2024 film by Sylwester Jakimow

Inheritance (Spadek) is a 2024 Polish black comedy film directed by Sylwester Jakimow. It was released on Netflix on 19 June 2024.

==Premise==
After the death of an eccentric inventor, his dysfunctional family gathers to try and inherit his estate, only to find out that he has prepared a final game to determine the beneficiary of the inheritance.

==Cast==
- Maciej Stuhr as Dawid Kłos
- Gabriela Muskała as Zofia Kłos
- Joanna Trzepiecińska as Natalia
- Piotr Pacek as Gustaw
- Mateusz Król as Karol 1
- Piotr Polak as Karol 2
- Jan Peszek as Władysław Fortuna
- Adam Ferency as Władysław's butler
- Franciszek Słomiński as Henryk Kłos
- Józefina Karnkowska as Józefina Kłos
- Piotr Żurawski as a policeman
- Albert Osik as a policeman
- Mikołaj Chroboczek as the cashier
- Rafał Zawierucha as Officer Trzeciak
- Jolanta Banak as Katarzyna
- Łukasz Sychowicz as the priest

==Release==
It was released on Netflix on 19 June 2024.

==Reception==
Andrzej Kulasek of Gazeta Wyborcza wrote, "Spadek starts off very promisingly, but then gets lost somewhere in the genre meanders, leaving the impression of a promise unfortunately unfulfilled."

Dominik Jedliński of Onet Kultura wrote, "Spadek is neither funny nor decently conducted - the story has gaps and is not engaging, the script is a mess, there are bizarre dialogues and stale jokes, and the characters lack depth."

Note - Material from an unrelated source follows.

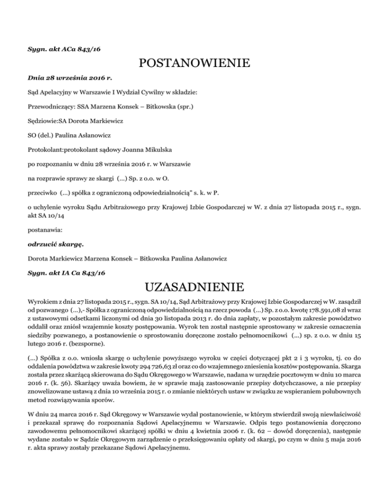 Sygn. akt ACa 843/16 POSTANOWIENIE Dnia 28 września 2016 r. Sąd Apelacyjny w Warszawie I Wydział Cywilny w składzie: Przewodniczący: SSA Marzena Konsek – Bitkowska (spr.) Sędziowie:SA Dorota Markiewicz SO (del.) Paulina Asłanowicz Protokolant:protokolant sądowy Joanna Mikulska po rozpoznaniu w dniu 28 września 2016 r. w Warszawie na rozprawie sprawy ze skargi (...) Sp. z o.o. w O. przeciwko (...) spółka z ograniczoną odpowiedzialnością" s. k. w P. o uchylenie wyroku Sądu Arbitrażowego przy Krajowej Izbie Gospodarczej w W. z dnia 27 listopada 2015 r., sygn. akt SA 10/14 postanawia: odrzucić skargę. Dorota Markiewicz Marzena Konsek – Bitkowska Paulina Asłanowicz Sygn. akt IA Ca 843/16 UZASADNIENIE Wyrokiem z dnia 27 listopada 2015 r., sygn. SA 10/14, Sąd Arbitrażowy przy Krajowej Izbie Gospodarczej w W. zasądził od pozwanego (...),- Spółka z ograniczoną odpowiedzialnością na rzecz powoda (...) Sp. z o.o. kwotę 178.591,08 zł wraz z ustawowymi odsetkami liczonymi od dnia 30 listopada 2013 r. do dnia zapłaty, w pozostałym zakresie powództwo oddalił oraz zniósł wzajemnie koszty postępowania. Wyrok ten został następnie sprostowany w zakresie oznaczenia siedziby pozwanego, a postanowienie o sprostowaniu doręczone zostało pełnomocnikowi (...) sp. z o.o. w dniu 15 lutego 2016 r. (bezsporne). (...) Spółka z o.o. wniosła skargę o uchylenie powyższego wyroku w części dotyczącej pkt 2 i 3 wyroku, tj. co do oddalenia powództwa w zakresie kwoty 294 726,63 zł oraz co do wzajemnego zniesienia kosztów postępowania. Skarga została przez skarżącą skierowana do Sądu Okręgowego w Warszawie, nadana w urzędzie pocztowym w dniu 10 marca 2016 r. (k. 56). Skarżący uważa bowiem, że w sprawie mają zastosowanie przepisy dotychczasowe, a nie przepisy znowelizowane ustawą z dnia 10 września 2015 r. o zmianie niektórych ustaw w związku ze wspieraniem polubownych metod rozwiązywania sporów. W dniu 24 marca 2016 r. Sąd Okręgowy w Warszawie wydał postanowienie, w którym stwierdził swoją niewłaściwość i przekazał sprawę do rozpoznania Sądowi Apelacyjnemu w Warszawie. Odpis tego postanowienia doręczono zawodowemu pełnomocnikowi skarżącej spółki w dniu 4 kwietnia 2006 r. (k. 62 – dowód doręczenia), następnie wydane zostało w Sądzie Okręgowym zarządzenie o przeksięgowaniu opłaty od skargi, po czym w dniu 5 maja 2016 r. akta sprawy zostały przekazane Sądowi Apelacyjnemu. Sąd Apelacyjny zważył, co następuje: Ustawa z dnia 10 września 2015 r. o zmianie niektórych ustaw w związku ze wspieraniem polubownych metod rozwiązywania sporów weszła w życie z dniem 1 stycznia 2016 r. Wprowadziła ona istotne zmiany do przepisów dotyczących postępowania polubownego, a szczególnie postępowania ze skargi o uchylenie wyroku sądu polubownego. Skarga taka dotychczas łączyła w sobie elementy pozwu i apelacji, przy czym Sąd Najwyższy stał na stanowisku, że dominujące znaczenie miały te pierwsze. Pogląd taki był uzasadniany w świetle dwuinstancyjności postępowania ze skargi o uchylenie wyroku sądu polubownego, a także z uwagi na ówczesne brzmienie poszczególnych przepisów. I tak art. 1207 § 1 i 2 k.p.c. nakazywał stosować do skargi odpowiednio przepisy art. 187 k.p.c. (a więc przepisy regulujące wymogi formalne pozwu), zaś do postępowania ze skargi -przepisy księgi pierwszej części pierwszej, o ile dalsze przepisy tytułu VII części piątej kodeksu postępowania cywilnego nie stanowiły inaczej. Trzeba jednak zważyć, że wskazana wyżej ustawa nowelizacyjna przedefiniowała charakter postępowania ze skargi o uchylenie wyroku sądu polubownego. Art. 1207 otrzymał brzmienie następujące: "Art. 1207. § 1. Do skargi o uchylenie wyroku sądu polubownego przepis art. 368 stosuje się odpowiednio. § 2. Jeśli przepisy poniższe nie stanowią inaczej, do postępowania ze skargi o uchylenie wyroku sądu polubownego przepisy o apelacji stosuje się odpowiednio." W art. 1208 § 1 k.p.c. wskazano natomiast, że skargę o uchylenie wyroku sądu polubownego wnosi się do sądu apelacyjnego, na obszarze którego znajduje się sąd, który byłby właściwy do rozpoznania sprawy, gdyby strony nie dokonały zapisu na sąd polubowny, a w braku tej podstawy - do Sądu Apelacyjnego w Warszawie. Jednocześnie zmieniono termin na wniesienie skargi, który obecnie wynosi dwa miesiące, liczone od dnia doręczenia wyroku lub jeżeli strona wniosła o uzupełnienie, sprostowanie lub wykładnię wyroku - od dnia doręczenia przez sąd polubowny orzeczenia rozstrzygającego o tym wniosku. Do art. 1208 dodano także § 3, zgodnie z którym od wyroku wydanego w postępowaniu ze skargi o uchylenie wyroku sądu polubownego przysługuje skarga kasacyjna. Zgodnie z art. 9 powyższej ustawy nowelizującej, do postępowań wszczętych na podstawie k.p.c. i niezakończonych przed dniem wejścia w życie ustawy, stosuje się przepisy dotychczasowe. Ustawa weszła w życie z dniem 1 stycznia 2016 r., z wyjątkiem art. 8, który wszedł w życie z dniem następującym po dniu ogłoszenia (art. 13 ustawy). Mając na względzie treść powyższych przepisów, należy zatem wskazać, że niniejsze postępowanie niewątpliwie powinno toczyć się według przepisów k.p.c. w wersji znowelizowanej. Pogląd strony skarżącej, jakoby toczyło się postępowanie wszczęte przed dniem 1 stycznia 2016 r., w tej dacie niezakończone, jest błędny. Skarżący zdaje się uważać, że postępowanie przed sądem polubownym oraz postępowanie ze skargi o uchylenie wyroku sądu polubownego są etapami jednego postępowania. W ocenie Sądu Apelacyjnego takie stanowisko jest nieuprawnione. Postępowanie polubowne kończy się wydaniem wyroku lub postanowienia o umorzeniu postępowania (art. 1199 k.p.c.). Strona niezadowolona z wyniku postępowania polubownego może następnie zainicjować postępowanie sądowe, wnosząc skargę o uchylenie wyrok

Joanna Twaróg of Glamour Polska wrote, "Spadek disappoints on several levels. Compared to other productions of this genre (such as the Knives Out series), the story is highly predictable. There are gaps in it. And although it leads to a rather surprising ending, the way in which the mystery is solved leaves much to be desired."